- Her ex-husband, George Montgomery, and her two children were with her when she died.
- The first female star to have her own prime-time TV variety show.
- She had a long love affair with Burt Reynolds, who was 20 years younger than she was.
- Contracted polio at 18 months of age. Through years of physical therapy, she was able to recover fully and was left with only a raised arch on one foot. Her enforced athletic therapy at a young age is what led to a lifelong love of athletics.
- Helped start one of the first big-money professional golf tournaments for women.
- Took the professional name Dinah after the title of a favorite song.
- She was awarded 3 Stars on the Hollywood Walk of Fame for Recording at 6901 Hollywood Boulevard; for Radio at 1751 Vine Street; and for Television at 6916 Hollywood Boulevard in Hollywood, California.
- She earned the USO Medallion Award as the first entertainer to visit GIs on the front lines of WWII.
- Per 1920/1930 census records, her parents were Russian-born Jews. Her father was a prosperous dry goods merchant in Tennessee.
- Half of her ashes are interred at Forest Lawn Memorial Park in Cathedral City (near Palm Springs, California). The other half are interred at Hillside Memorial Park in Culver City, California.
- Dinah gave birth to daughter Melissa Ann (Melissa Montgomery in January 1948. She later adopted her son, John "Jody" David Montgomery.
- Inducted into the World Golf Hall of Fame in 1994.
- Dinah Shore Boulevard is named in her honor in her hometown of Winchester, Tennessee.
- Appears on a 44¢ USA commemorative postage stamp, issued on Tuesday, August 11th, 2009, in the Early TV Memories issue honoring The Dinah Shore Show (1951).

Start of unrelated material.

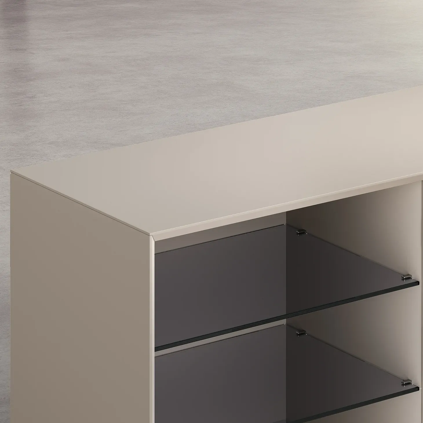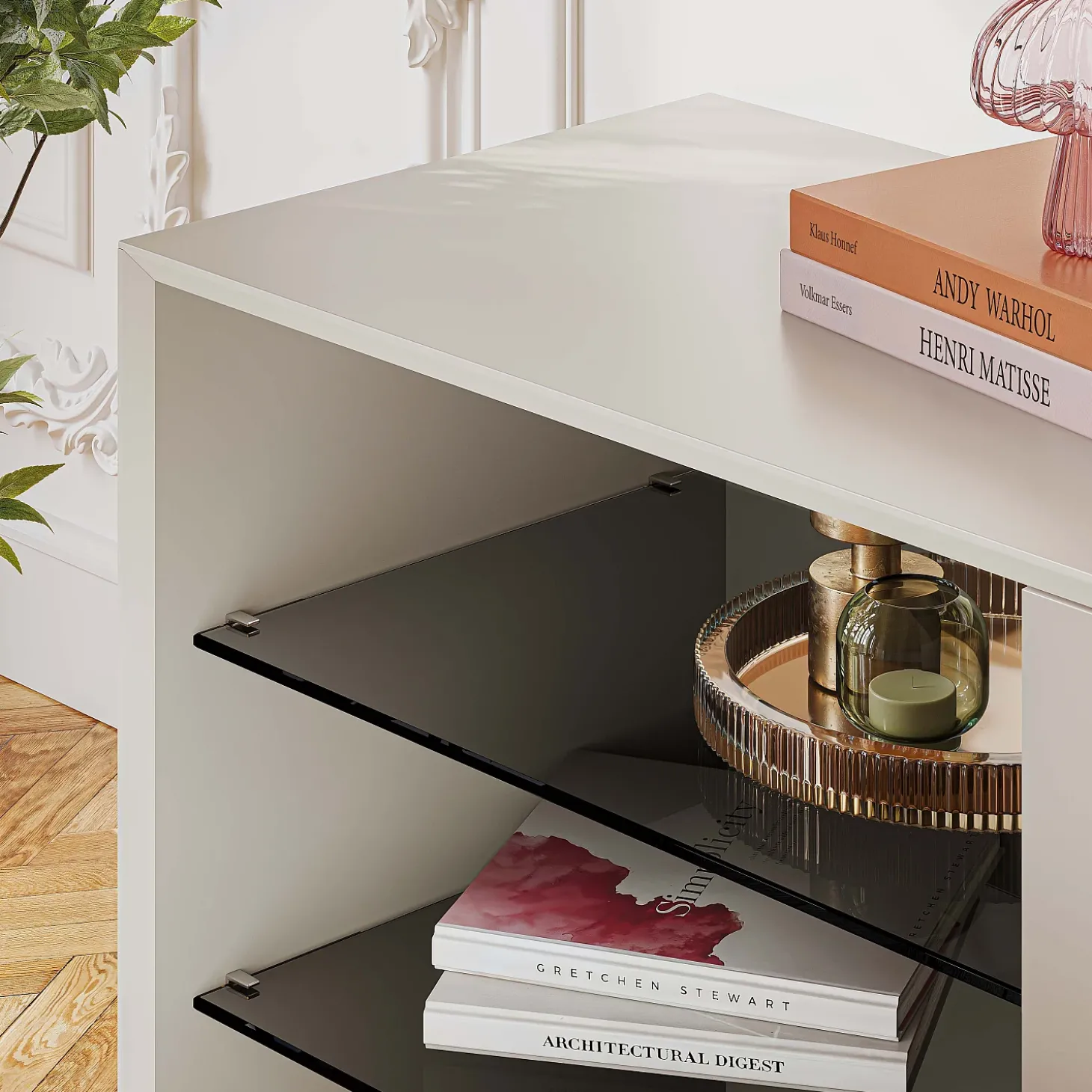 Équipé de deux portes dissimulant de multiples compartiments de rangement, il accueille aisément vaisselle, linge de maison ou objets du quotidien. Sur le côté, deux tablettes en verre trempé permettent de mettre en valeur des éléments décoratifs et de garder des accessoires essentiels à disposition.

- Host of NBC Radio's "Birdseye Open House" (1943-1946).
- Although she was not an original member of the cast of "Call Me Madam", she sang all the Ethel Merman songs on the original cast recording when Decca Records refused to release Ms. Merman from her contract to record the soundtrack for RCA.
- Won the 1957 Peabody award for television for "The Dinah Shore Show".
- Was a registered Republican early in her career and through the influence of Ronald Reagan, at that time a staunch Democrat, she switched her political affiliation. Reagan and Shore remained friends long after he switched to the Republican party. Noted her close friend Marianne Tatashore, in People magazine's obituary of Miss Shore in 1994: "Dinah was a Democrat through and through, yet she numbered the Reagans among her friends and was their guest at the White House.".
- Had a lifelong passion for painting and cookbooks.
- The New York Times Magazine listed Dinah Shore among hundreds of artists whose material was reportedly destroyed in the 2008 Universal Studios fire.
- Dinah Shore Drive is named for her. It spans the cities of Rancho Mirage and Cathedral City (near Palm Springs, California).
- Member of Alpha Epsilon Phi sorority.
- Her gorgeous prairie-style home in Palm Springs, California is currently a highly-sought (and very expensive) weekend rental property, which includes the services of a cook and a maid.
- She has three grandchildren by Melissa: Jennifer, Adam, and Alexandre.
- Lived in a one story house in Mission Hills Country Club, located in Rancho Mirage, California. Was also good friends with all of her neighbors. Among them were Donald Donovan and Geraldine Donovan.
- Dinah Shore's photograph appears in an exhibit in the Museum of the Southern Jewish Experience in New Orleans, Louisiana--a wall of photos highlighting Jewish Southerners who have made contributions to arts, literature, drama and film, sports, and other cultural endeavors. Other people whose pictures appear in the same exhibit include the actors Ginnifer Goodwin, Brent Spiner, Tony Randall, Tim Blake Nelson, and Evan Rachel Wood, playwrights Lillian Hellman and Tony Kushner, culinary historian Michael Twitty, and singer Kinky Friedman.